__SUPPLIED RECORDS__
□ □ □ □ □ □ □
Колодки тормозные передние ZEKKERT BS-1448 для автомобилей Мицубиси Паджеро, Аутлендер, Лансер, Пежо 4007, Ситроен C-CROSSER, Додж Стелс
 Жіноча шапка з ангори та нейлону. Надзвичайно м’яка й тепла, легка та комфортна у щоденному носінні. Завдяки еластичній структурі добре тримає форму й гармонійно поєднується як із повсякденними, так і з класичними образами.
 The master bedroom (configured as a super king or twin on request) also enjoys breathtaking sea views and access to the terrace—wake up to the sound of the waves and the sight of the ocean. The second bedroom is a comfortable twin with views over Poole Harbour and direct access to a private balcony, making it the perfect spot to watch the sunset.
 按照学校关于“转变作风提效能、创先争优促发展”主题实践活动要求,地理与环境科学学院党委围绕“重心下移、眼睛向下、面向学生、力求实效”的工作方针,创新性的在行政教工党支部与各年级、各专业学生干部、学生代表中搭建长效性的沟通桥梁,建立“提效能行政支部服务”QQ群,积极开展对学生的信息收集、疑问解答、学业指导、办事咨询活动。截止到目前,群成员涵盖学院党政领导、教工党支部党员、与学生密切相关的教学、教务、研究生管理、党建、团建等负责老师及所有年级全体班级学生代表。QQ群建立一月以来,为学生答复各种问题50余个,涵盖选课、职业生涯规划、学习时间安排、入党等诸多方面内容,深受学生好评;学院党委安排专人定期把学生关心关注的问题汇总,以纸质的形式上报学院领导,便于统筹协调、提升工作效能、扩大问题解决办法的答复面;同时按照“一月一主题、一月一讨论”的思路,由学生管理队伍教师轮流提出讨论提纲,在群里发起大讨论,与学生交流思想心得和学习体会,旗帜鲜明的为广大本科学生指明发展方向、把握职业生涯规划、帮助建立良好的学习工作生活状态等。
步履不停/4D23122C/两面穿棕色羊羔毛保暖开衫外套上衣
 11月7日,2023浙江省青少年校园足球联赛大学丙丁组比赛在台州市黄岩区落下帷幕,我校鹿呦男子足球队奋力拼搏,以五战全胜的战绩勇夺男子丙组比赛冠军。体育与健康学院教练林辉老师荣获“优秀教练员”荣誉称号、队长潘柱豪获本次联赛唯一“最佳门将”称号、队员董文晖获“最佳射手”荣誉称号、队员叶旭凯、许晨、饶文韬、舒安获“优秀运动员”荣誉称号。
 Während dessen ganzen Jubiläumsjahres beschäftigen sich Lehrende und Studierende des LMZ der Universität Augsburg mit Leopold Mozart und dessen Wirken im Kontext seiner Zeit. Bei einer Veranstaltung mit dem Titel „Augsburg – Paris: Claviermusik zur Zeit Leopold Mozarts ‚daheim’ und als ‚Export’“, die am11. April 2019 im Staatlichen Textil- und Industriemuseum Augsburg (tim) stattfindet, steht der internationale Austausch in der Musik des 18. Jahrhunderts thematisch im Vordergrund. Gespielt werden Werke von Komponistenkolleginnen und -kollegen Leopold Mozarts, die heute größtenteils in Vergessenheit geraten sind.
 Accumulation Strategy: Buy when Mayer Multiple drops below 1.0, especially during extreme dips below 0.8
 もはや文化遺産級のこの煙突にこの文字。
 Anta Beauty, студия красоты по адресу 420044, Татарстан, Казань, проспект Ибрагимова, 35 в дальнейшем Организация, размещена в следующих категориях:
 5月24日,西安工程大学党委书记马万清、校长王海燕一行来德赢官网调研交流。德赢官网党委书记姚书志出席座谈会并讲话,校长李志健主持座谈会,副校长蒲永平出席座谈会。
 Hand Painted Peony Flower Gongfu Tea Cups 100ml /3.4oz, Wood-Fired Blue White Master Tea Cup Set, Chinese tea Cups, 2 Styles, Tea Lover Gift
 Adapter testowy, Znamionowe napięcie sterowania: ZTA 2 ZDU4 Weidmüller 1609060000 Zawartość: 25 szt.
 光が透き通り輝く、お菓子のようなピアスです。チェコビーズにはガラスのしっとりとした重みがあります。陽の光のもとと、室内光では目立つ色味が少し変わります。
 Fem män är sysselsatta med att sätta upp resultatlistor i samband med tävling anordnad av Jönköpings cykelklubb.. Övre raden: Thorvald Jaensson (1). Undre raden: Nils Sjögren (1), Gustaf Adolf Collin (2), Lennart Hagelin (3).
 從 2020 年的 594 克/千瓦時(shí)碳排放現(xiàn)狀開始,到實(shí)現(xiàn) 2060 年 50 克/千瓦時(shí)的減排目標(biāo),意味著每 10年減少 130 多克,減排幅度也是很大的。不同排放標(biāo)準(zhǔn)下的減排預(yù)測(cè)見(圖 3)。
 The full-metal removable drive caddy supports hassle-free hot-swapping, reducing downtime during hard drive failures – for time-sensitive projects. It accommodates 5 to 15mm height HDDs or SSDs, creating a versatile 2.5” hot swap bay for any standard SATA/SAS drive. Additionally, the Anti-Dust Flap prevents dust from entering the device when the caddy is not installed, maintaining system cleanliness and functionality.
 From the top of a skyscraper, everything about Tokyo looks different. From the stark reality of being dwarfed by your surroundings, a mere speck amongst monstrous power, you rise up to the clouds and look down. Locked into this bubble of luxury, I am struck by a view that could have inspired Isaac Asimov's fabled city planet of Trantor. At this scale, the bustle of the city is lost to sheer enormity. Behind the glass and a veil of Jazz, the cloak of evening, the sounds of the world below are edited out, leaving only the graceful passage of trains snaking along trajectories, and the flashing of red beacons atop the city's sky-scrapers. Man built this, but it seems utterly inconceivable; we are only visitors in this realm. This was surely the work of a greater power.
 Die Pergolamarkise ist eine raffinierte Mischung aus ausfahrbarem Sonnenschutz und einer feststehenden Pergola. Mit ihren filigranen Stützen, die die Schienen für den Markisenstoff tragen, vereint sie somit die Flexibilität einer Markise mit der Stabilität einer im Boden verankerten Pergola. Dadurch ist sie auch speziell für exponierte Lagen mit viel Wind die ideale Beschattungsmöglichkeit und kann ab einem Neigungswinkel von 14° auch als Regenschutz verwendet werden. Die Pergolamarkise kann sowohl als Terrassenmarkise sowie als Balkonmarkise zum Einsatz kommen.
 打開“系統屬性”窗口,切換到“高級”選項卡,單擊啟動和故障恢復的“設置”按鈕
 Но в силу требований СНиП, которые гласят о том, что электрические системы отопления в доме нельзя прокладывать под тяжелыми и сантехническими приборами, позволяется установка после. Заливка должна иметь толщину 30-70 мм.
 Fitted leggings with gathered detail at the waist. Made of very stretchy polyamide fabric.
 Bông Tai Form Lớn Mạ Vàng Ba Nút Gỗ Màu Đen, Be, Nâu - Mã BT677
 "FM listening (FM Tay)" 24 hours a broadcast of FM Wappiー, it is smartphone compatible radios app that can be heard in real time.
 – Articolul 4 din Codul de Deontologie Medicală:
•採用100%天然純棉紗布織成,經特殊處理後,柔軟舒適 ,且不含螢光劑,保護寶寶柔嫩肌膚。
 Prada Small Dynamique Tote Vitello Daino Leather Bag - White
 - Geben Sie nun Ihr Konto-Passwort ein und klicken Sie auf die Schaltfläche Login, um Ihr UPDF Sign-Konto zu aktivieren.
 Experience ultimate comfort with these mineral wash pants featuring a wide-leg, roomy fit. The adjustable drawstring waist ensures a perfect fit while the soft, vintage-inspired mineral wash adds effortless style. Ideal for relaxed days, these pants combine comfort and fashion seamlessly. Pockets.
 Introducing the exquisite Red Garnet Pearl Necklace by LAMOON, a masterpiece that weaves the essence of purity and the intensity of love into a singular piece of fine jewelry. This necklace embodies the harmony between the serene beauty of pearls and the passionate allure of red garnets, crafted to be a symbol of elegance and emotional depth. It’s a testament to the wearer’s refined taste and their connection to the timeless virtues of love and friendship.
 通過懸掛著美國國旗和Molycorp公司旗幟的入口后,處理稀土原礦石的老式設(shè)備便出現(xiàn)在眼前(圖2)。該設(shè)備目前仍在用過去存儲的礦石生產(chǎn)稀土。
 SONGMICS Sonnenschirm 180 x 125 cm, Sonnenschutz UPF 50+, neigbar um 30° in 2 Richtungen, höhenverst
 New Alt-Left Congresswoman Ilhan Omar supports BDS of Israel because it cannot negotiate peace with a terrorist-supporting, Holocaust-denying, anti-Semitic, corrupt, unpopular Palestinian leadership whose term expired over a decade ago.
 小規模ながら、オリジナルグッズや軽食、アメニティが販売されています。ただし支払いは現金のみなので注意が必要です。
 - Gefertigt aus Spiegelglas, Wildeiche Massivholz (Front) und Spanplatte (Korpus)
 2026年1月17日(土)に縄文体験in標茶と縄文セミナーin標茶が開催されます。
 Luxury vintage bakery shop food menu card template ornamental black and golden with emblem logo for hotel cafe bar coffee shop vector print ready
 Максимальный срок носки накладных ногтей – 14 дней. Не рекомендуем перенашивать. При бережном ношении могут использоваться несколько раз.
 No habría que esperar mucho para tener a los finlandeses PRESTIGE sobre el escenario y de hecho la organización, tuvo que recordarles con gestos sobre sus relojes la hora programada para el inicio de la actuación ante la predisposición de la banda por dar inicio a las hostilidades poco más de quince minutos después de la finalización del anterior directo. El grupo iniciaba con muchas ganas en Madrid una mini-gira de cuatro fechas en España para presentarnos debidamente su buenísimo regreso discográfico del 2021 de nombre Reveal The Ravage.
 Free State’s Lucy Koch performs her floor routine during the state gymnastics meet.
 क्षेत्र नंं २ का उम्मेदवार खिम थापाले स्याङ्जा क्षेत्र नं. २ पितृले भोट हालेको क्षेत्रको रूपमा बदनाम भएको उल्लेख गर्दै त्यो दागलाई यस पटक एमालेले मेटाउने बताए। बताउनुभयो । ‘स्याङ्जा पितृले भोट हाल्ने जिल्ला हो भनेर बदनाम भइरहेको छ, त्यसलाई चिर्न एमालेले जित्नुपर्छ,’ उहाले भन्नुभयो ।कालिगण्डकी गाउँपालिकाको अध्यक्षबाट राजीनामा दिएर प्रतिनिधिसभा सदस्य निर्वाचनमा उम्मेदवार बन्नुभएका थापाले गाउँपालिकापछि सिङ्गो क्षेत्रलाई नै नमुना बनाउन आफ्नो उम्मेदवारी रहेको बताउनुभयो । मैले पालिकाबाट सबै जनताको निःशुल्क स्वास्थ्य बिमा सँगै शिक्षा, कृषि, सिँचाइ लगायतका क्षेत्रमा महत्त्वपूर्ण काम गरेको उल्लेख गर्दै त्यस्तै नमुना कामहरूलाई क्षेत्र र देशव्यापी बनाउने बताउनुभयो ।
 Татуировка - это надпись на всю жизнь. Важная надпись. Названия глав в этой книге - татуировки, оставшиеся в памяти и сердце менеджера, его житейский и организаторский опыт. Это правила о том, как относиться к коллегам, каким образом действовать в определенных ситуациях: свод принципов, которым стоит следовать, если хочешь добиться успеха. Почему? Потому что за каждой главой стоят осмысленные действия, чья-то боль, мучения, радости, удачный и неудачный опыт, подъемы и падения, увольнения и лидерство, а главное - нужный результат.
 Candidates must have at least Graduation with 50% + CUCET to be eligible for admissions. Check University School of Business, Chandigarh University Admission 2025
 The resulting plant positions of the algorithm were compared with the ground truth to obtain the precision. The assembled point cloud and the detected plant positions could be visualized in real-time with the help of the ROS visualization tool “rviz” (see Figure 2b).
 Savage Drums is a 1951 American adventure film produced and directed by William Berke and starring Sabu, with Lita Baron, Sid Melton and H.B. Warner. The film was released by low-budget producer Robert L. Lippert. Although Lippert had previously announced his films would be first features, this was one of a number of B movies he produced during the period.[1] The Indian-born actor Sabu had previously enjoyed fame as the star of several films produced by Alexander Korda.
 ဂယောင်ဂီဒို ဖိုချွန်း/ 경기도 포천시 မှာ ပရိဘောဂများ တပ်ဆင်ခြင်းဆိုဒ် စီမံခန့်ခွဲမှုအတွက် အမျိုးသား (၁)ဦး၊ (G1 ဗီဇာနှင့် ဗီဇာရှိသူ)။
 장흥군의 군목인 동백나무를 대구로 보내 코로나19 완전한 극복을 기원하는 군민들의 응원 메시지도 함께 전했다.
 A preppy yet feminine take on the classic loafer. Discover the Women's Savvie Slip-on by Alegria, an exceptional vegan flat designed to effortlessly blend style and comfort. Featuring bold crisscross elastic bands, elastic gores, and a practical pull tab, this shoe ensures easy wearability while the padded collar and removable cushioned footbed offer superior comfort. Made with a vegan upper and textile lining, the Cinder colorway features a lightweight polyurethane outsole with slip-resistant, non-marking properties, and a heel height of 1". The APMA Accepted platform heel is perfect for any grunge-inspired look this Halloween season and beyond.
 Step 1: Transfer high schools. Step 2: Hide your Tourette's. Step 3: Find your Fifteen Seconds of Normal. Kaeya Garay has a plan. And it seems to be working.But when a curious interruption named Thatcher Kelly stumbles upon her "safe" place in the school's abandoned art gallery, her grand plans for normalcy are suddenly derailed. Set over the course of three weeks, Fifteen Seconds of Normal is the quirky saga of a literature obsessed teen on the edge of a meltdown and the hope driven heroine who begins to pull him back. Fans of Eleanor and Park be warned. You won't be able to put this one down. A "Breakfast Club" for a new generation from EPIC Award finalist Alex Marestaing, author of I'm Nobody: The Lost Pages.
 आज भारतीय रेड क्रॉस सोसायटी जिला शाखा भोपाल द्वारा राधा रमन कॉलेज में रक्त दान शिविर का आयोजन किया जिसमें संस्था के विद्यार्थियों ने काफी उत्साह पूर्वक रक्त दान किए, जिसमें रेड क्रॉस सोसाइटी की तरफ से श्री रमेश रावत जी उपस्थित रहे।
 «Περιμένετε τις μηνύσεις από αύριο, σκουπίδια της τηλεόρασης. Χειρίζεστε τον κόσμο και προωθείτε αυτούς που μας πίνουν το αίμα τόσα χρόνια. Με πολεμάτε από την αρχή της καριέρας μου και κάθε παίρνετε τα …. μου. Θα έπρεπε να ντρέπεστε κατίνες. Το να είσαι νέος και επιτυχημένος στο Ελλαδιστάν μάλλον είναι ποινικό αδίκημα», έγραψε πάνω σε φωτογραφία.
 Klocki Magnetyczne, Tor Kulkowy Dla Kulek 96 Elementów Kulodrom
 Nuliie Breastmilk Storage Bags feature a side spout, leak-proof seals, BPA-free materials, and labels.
□ □ □ □ □ □ □
Could you return exactly the lines above from the line with "- Geben Sie" to the line with "Максимальный срок носки", both included, and nothing else?

__ANSWER AREA__
 - Geben Sie nun Ihr Konto-Passwort ein und klicken Sie auf die Schaltfläche Login, um Ihr UPDF Sign-Konto zu aktivieren.
 Experience ultimate comfort with these mineral wash pants featuring a wide-leg, roomy fit. The adjustable drawstring waist ensures a perfect fit while the soft, vintage-inspired mineral wash adds effortless style. Ideal for relaxed days, these pants combine comfort and fashion seamlessly. Pockets.
 Introducing the exquisite Red Garnet Pearl Necklace by LAMOON, a masterpiece that weaves the essence of purity and the intensity of love into a singular piece of fine jewelry. This necklace embodies the harmony between the serene beauty of pearls and the passionate allure of red garnets, crafted to be a symbol of elegance and emotional depth. It’s a testament to the wearer’s refined taste and their connection to the timeless virtues of love and friendship.
 通過懸掛著美國國旗和Molycorp公司旗幟的入口后,處理稀土原礦石的老式設(shè)備便出現(xiàn)在眼前(圖2)。該設(shè)備目前仍在用過去存儲的礦石生產(chǎn)稀土。
 SONGMICS Sonnenschirm 180 x 125 cm, Sonnenschutz UPF 50+, neigbar um 30° in 2 Richtungen, höhenverst
 New Alt-Left Congresswoman Ilhan Omar supports BDS of Israel because it cannot negotiate peace with a terrorist-supporting, Holocaust-denying, anti-Semitic, corrupt, unpopular Palestinian leadership whose term expired over a decade ago.
 小規模ながら、オリジナルグッズや軽食、アメニティが販売されています。ただし支払いは現金のみなので注意が必要です。
 - Gefertigt aus Spiegelglas, Wildeiche Massivholz (Front) und Spanplatte (Korpus)
 2026年1月17日(土)に縄文体験in標茶と縄文セミナーin標茶が開催されます。
 Luxury vintage bakery shop food menu card template ornamental black and golden with emblem logo for hotel cafe bar coffee shop vector print ready
 Максимальный срок носки накладных ногтей – 14 дней. Не рекомендуем перенашивать. При бережном ношении могут использоваться несколько раз.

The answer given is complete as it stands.